Design and construction
- Architect: Arquitectonica Heller Manus Architects
- Developer: Tishman Speyer
- Structural engineer: Magnusson Klemencic Associates
- Main contractor: Lendlease

Other information
- Number of units: 655

References

= LUMINA =

LUMINA, also known as 201 Folsom Street, is a 655-unit residential condominium project in the Rincon Hill neighborhood of San Francisco. Developed by Tishman Speyer, it is located one block to the southwest of its sister project, The Infinity.

==History==

The project was originally approved in September 2003 concurrently with its sister project, The Infinity. Tishman Speyer developed The Infinity first, completing it in 2009. Meanwhile, 201 Folsom Street was left unbuilt, and with its permits set to expire, Tishman Speyer was granted a three-year extension in 2009. After being redesigned by Arquitectonica, another 12-month extension was granted in 2012.

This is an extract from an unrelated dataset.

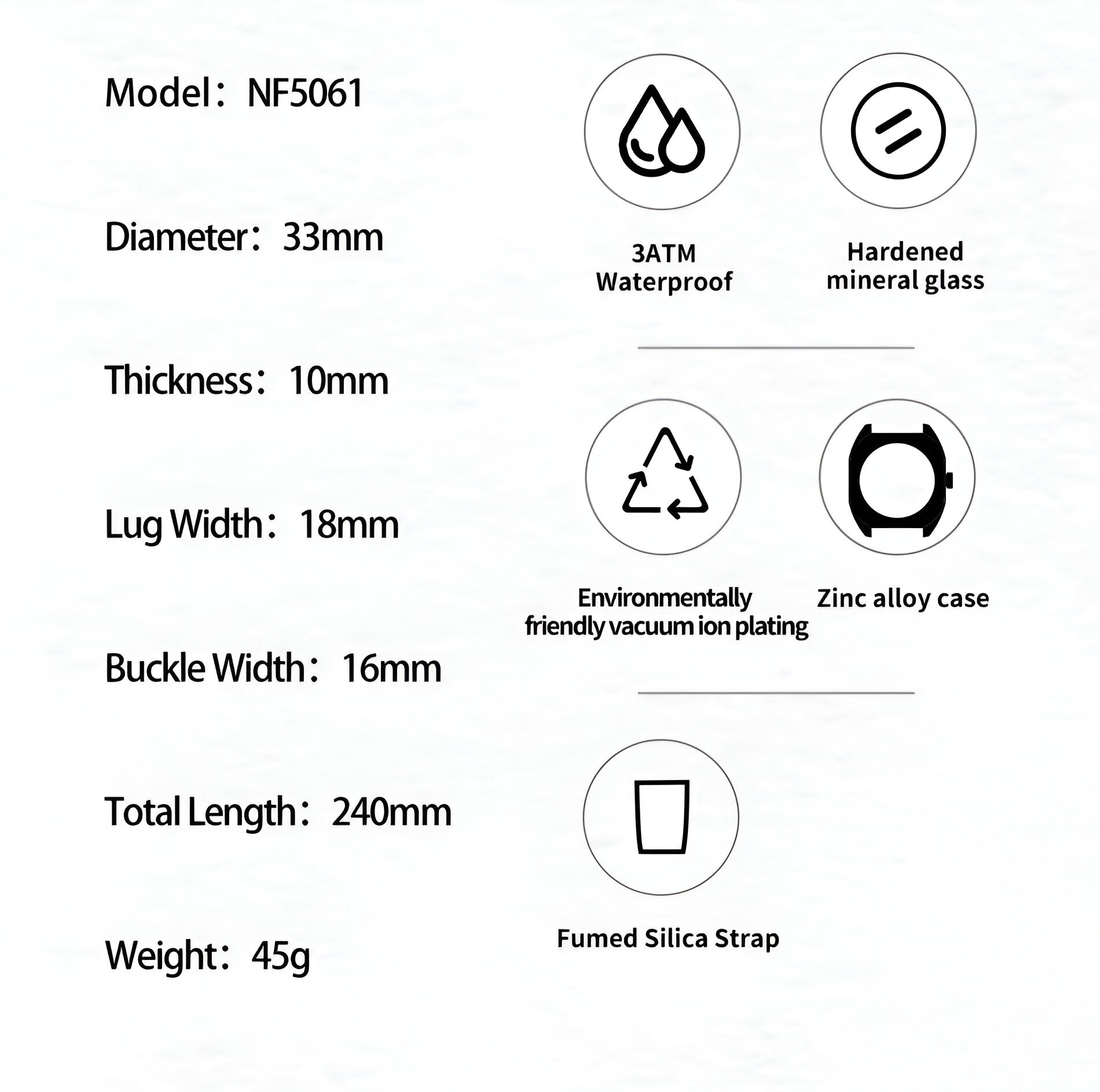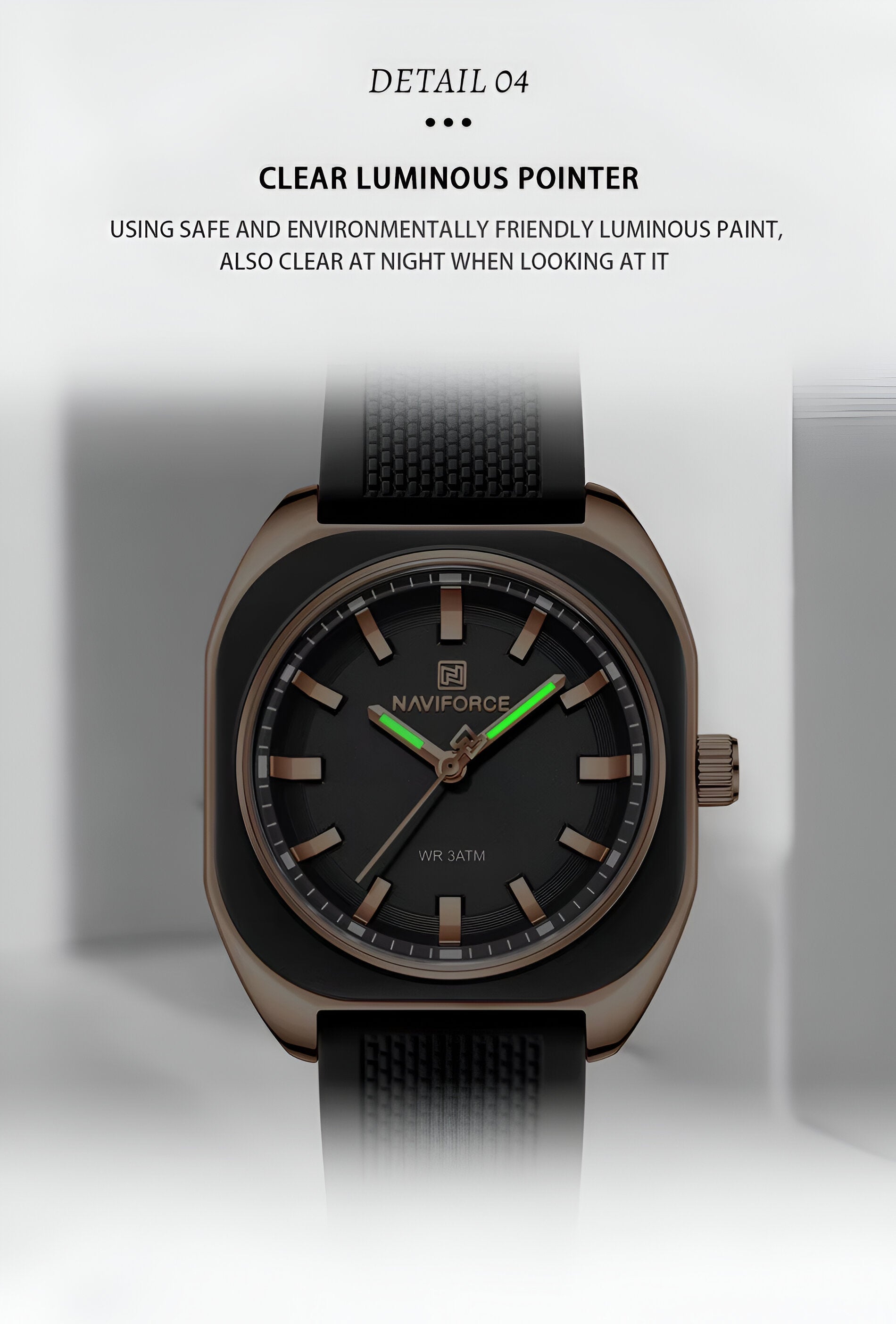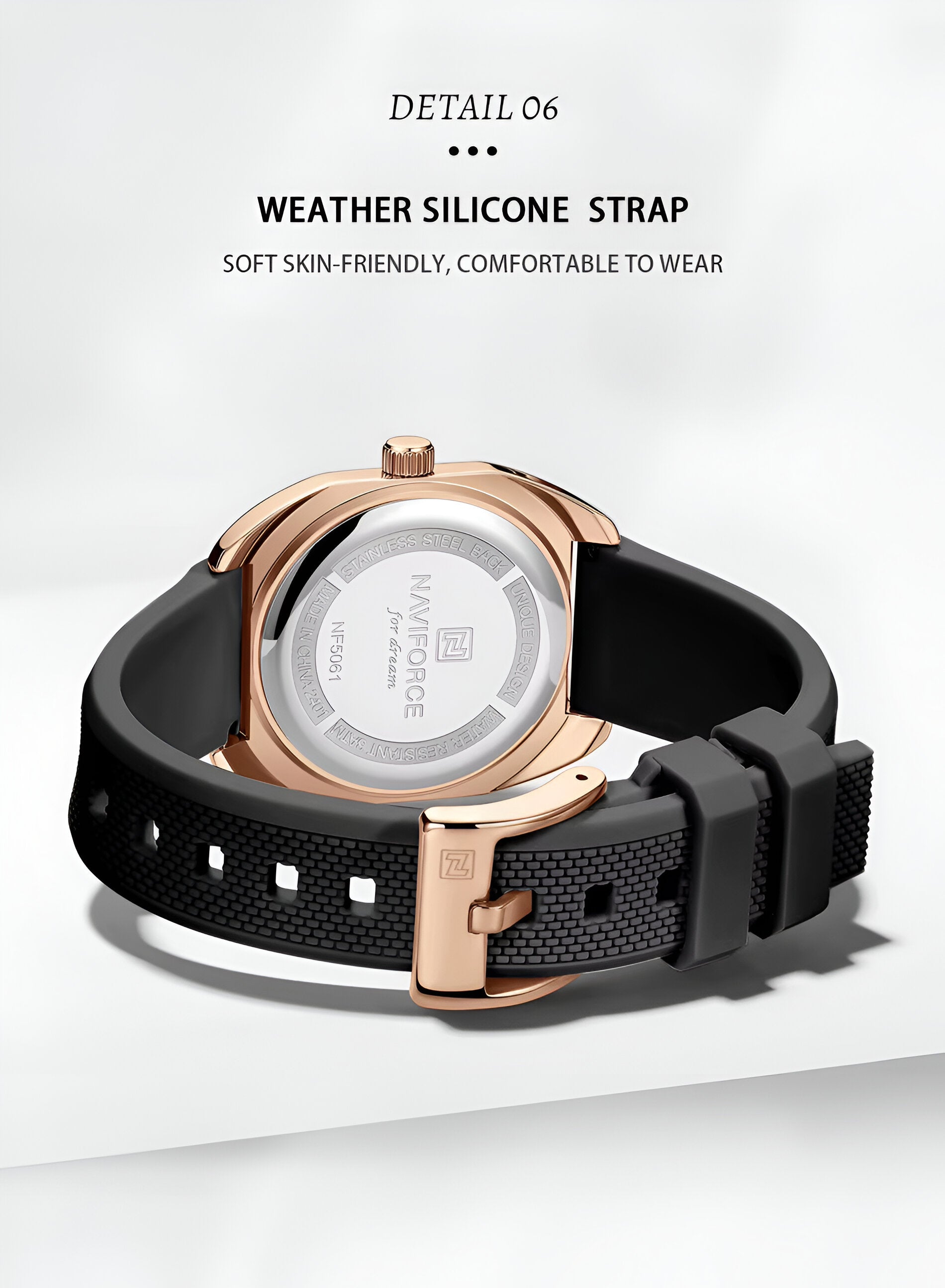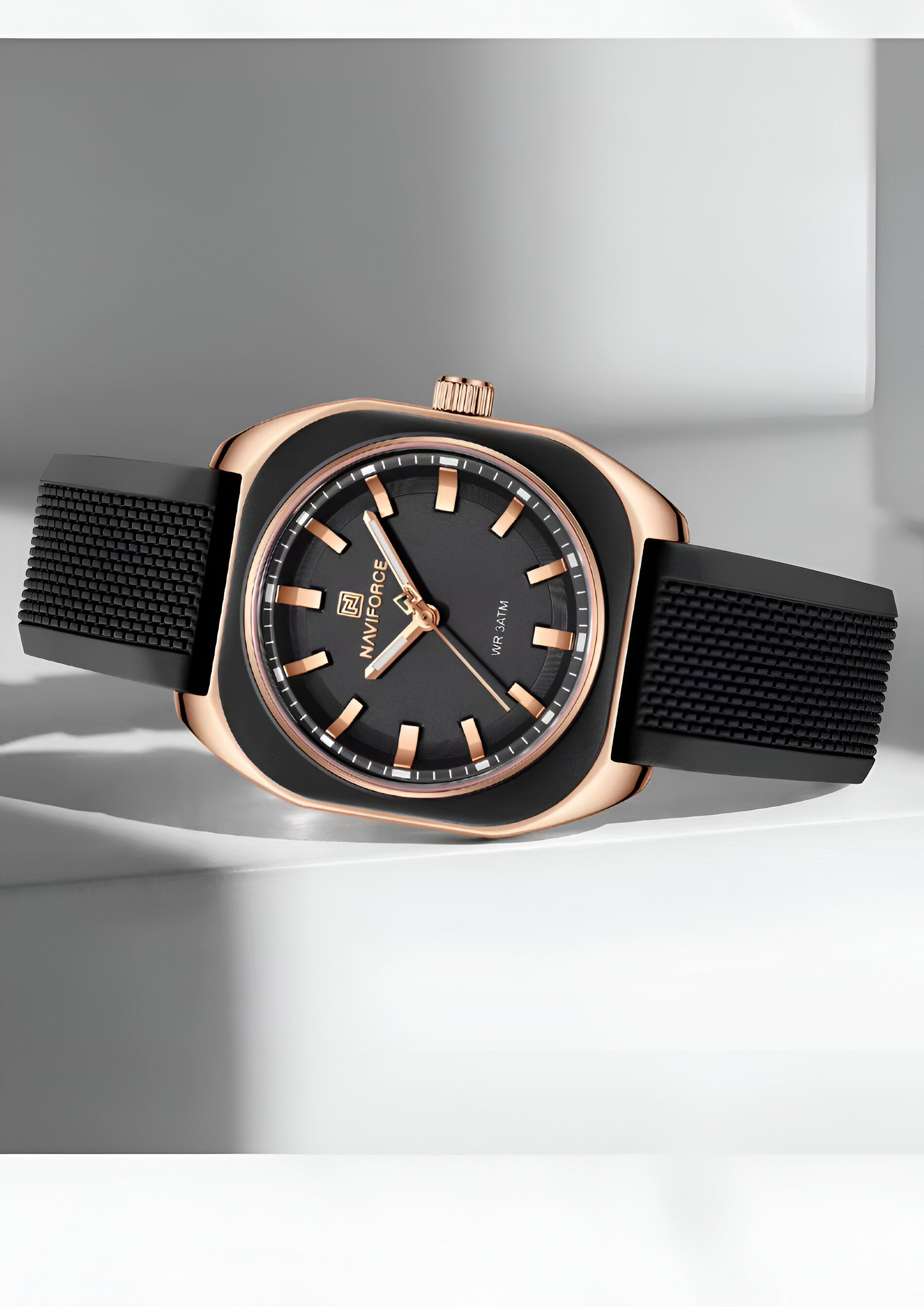 Descubre la elegancia y sofisticación de los relojes **Naviforce**, diseñados para quienes buscan estilo, calidad y funcionalidad en un solo accesorio. Con materiales de primera y un diseño innovador, este reloj no solo complementa tu look, sino que también resalta tu personalidad con un toque de lujo y distinción. Su correa elegante se adapta perfectamente a cualquier ocasión, permitiéndote lucir impecable en todo momento. Más que un simple reloj, **Naviforce** es sinónimo de prestigio y modernidad, ideal para quienes desean destacar con cada detalle. ¡Hazlo tuyo y eleva tu estilo al siguiente nivel!/// El reloj incluye su estuche original y tarjeta de garantía. ///Ficha TécnicaPantalla AnálogaResistencia al agua de 3ATM (solo exposición accidental al agua No ducha, No se puede sumergir, No usar en actividades acuáticas).Tipo de cierre: HebillaMaterial de la caja: ABSGrosor de esfera: 1 cmAncho correa: 1.8 cmDiámetro: 3.3 cmMaterial de la correa banda: GomaLongitud de La correa: 24 cm ( Ajustable )Peso neto: 45gTérminos de garantía: Para defectos de fábrica o solicitudes de retracto, es importante revisar el producto inmediatamente al recibirlo y antes de usarlo, ya que no aplicará garantía una vez utilizado. Se dispone de un máximo de 5 días para reportar defectos de fábrica, como piezas faltantes o rotas. En el caso de maquinaria, la garantía cubre tres meses para garantizar su correcto funcionamiento. Para efectuar una devolución, el producto debe ser devuelto en su empaque original, en buen estado, con todos los documentos y partes completas y sin daños.

In February 2013, Tishman Speyer announced that it had formed a joint venture with China Vanke to develop 201 Folsom Street. According to Reuters, China Vanke agreed to contribute $175 million for a 70% stake, and Tishman Speyer $75 million for a 30% stake. The remainder of the project's $620 million cost was to be financed with debt. Tishman Speyer received its building permits in May 2013 and construction commenced in June.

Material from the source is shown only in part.